Keywords: image fusion; infrared image; visible image; multi-scale transform

1 Introduction

Due to the limitation of technical means, image obtained by a single-source sensor meets some specific application needs, but it can not adapt to the more complex environment and more widely used scenes [1]. In practical application, multisource information is integrated, which includes clear target and background, sufficient semantic information, wide application range, and more in line with human vision and machine recognition,and avoids redundant information and loss caused by using multiple imaging sensors.

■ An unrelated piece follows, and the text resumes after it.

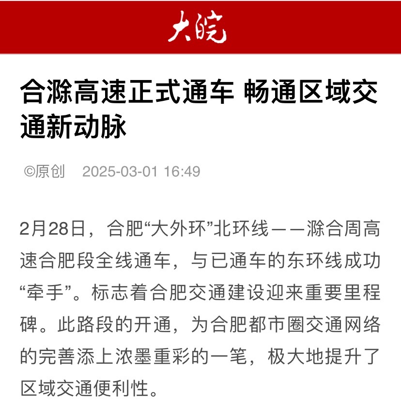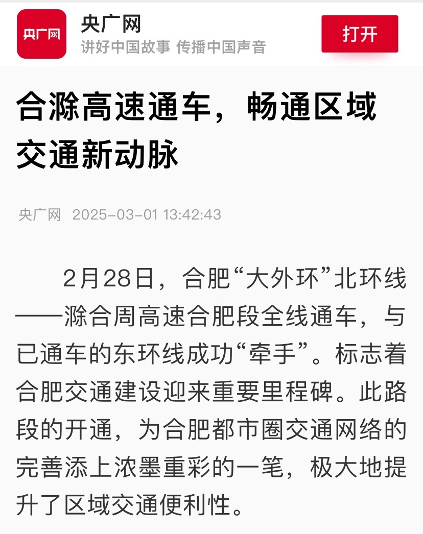 2月28日,建工水利承建的合肥“大外環(huán)”北環(huán)線——滁合周高速合肥段全線通車,與已通車的東環(huán)線成功“牽手”,受到央廣網(wǎng)、大皖新聞等主流媒體關(guān)注報道。

In the military, aviation, and other fields,infrared sensors with visible sensors are used to monitor the same scene to obtain multi-source data. As shown in Fig. 1, on the one hand, visible images provide rich texture and color details,with high spatial resolution and clarity consistent with the human visual system. On the other hand, because of the characteristics of wavelength and thermal imaging, infrared images have a good imaging advantage in the case of insufficient light at night, fog, and so on, and there is high contrast between target and background,ignoring the influence of weather, light, and environment [2-4]. It is necessary to combine this complementary information through image fusion, and the fused image not only has good visual quality and texture details consistent with the visible image, but also the salient target.This is very important for the follow-up tasks,such as video surveillance, scene understanding,target detection, and recognition.

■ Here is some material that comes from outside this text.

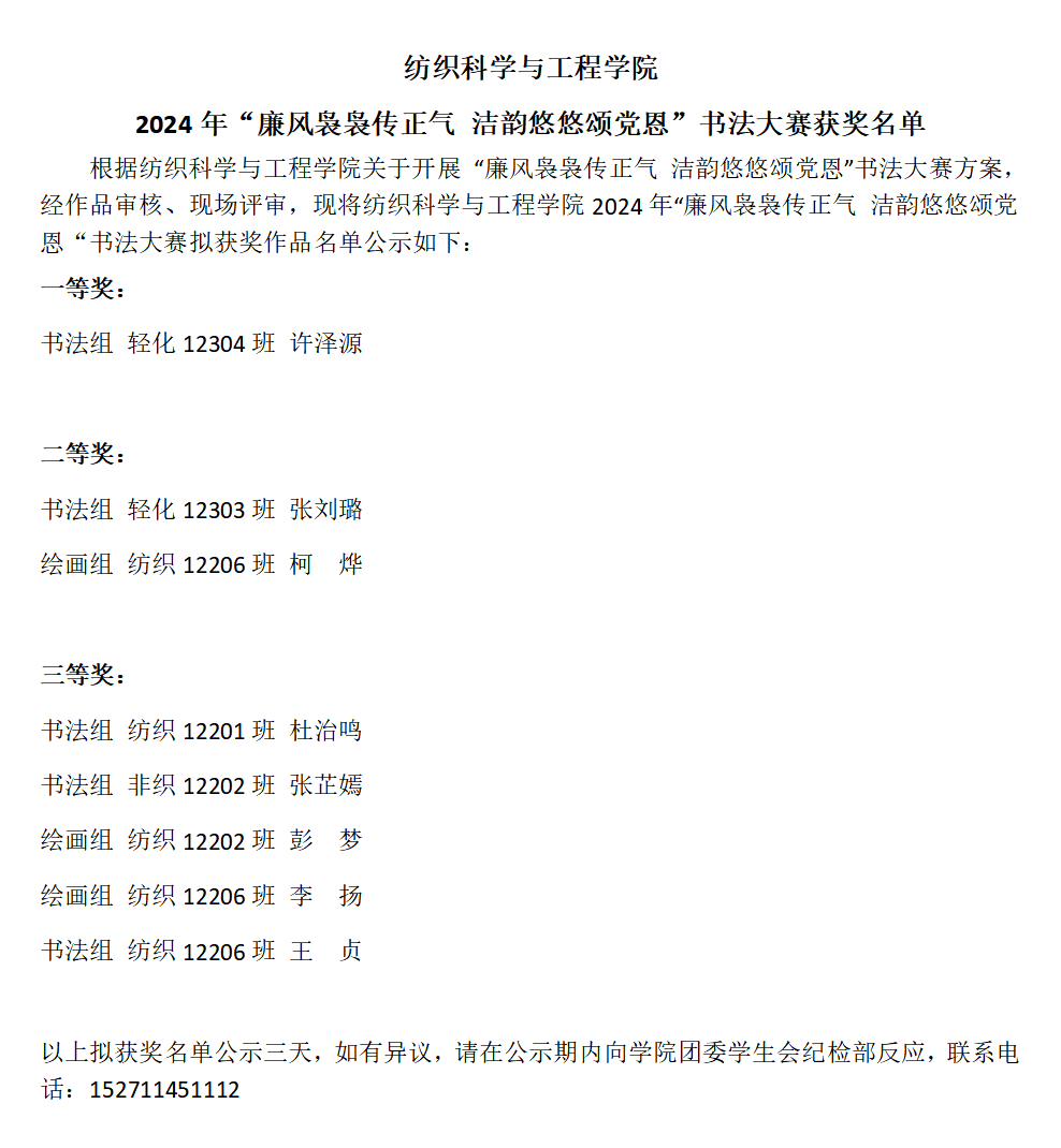 本次活动主题鲜明,深刻展现了廉洁文化的丰富内涵。活动过程中,师生积极踊跃参与,彰显出纺院学子内心深处“尊廉、崇廉、守廉”的坚定信念。此次活动的圆满开展,必将激励纺院学子大力弘扬“廉风飒飒传正气,洁韵悠悠颂党恩”的高尚精神,使其在未来的学习与生活中,始终坚守廉洁自律,传承优良作风,为校园文化注入源源不断的正能量。

Clear, bright, prominent, and well-defined prospects (targets) are necessary for good fusion,and they are also core needs and concerns. In existing methods, there is a lack of obvious boundary and light-dark contrast, which makes it difficult to distinguish the target from the surrounding background. Generally speaking,infrared image is the main carrier of this information. Relatively, in most scenes, the target in visible image does not have this property. In addition, the advantage of infrared image over visible image lies in that some regions which are different from the surrounding background (light and dark change steeply or gradually) are well displayed (such as cars, clouds, etc.). It is hoped that these elements are well preserved in the final fusion image. Excellent image quality is also a shortage to existing methods, which means that,in addition to the requirements of pattern recognition for machines, images friendly to human vision, such as images with good clarity and color recognition, are also advantages of an image. The proposed method is based on these considerations and designed to improve these problems.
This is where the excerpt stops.